# Please suggest very cheap soundcard



## isaac12345 (Jan 6, 2016)

Hi all,

I have an old S775 motherboard(Gigabyte GA-G41M-ES2L) whose onboard sound chip is not working. I would hence like to buy a soundcard which can get the job done at the same sound quality. Are there any decent ones available for about 500 bucks or less? New or used?

Thanks!


----------



## satinder (Jan 7, 2016)

Check on flipkart,  amazon.in or ebay
You will get some small brands in your budget.


----------



## bssunilreddy (Jan 7, 2016)

isaac12345 said:


> Hi all,
> 
> I have an old S775 motherboard(Gigabyte GA-G41M-ES2L) whose onboard sound chip is not working. I would hence like to buy a soundcard which can get the job done at the same sound quality. Are there any decent ones available for about 500 bucks or less? New or used?
> 
> Thanks!



Amazon.com: StarTech.com 5.1 Channel PCI Surround Sound Card Adapter PCISOUND5CH2: Computers & Accessories


----------



## isaac12345 (Jan 8, 2016)

bssunilreddy said:


> Amazon.com: StarTech.com 5.1 Channel PCI Surround Sound Card Adapter PCISOUND5CH2: Computers & Accessories



Indian website please. 

- - - Updated - - -



satinder said:


> Check on flipkart,  amazon.in or ebay
> You will get some small brands in your budget.

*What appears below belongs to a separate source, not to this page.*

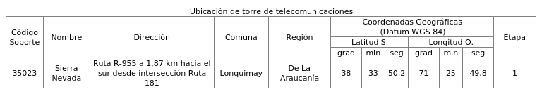 1. Autorízase a la concesionaria para instalar, operar y explotar una (1) torre de telecomunicaciones, destinada a soportar sistemas radiantes, según se indica a continuación:

Any brands to look out for?


----------



## Minion (Jan 8, 2016)

*www.amazon.in/CREATIVE-SOUND-CARD-...1_2?s=computers&ie=UTF8&qid=1452233314&sr=1-2


----------



## isaac12345 (Jan 8, 2016)

Minion said:


> CREATIVE PCI SOUND CARD BLASTER 5.1VX: Amazon.in: Computers & Accessories



Less than Rs 500 please, as mentioned in my first post.

Are zebronics cards fine? Do they last long enough? And is the sound quality as good as onboard audio?


----------



## satinder (Jan 9, 2016)

Take zebronics or similar sound card. It is OK in your budget.
Don't expect much in this price range.


----------



## mang (Mar 16, 2017)

satinder said:


> Take zebronics or similar sound card. It is OK in your budget.
> Don't expect much in this price range.



You will regret buying those crap sound card they are far worse than on board realtek.


----------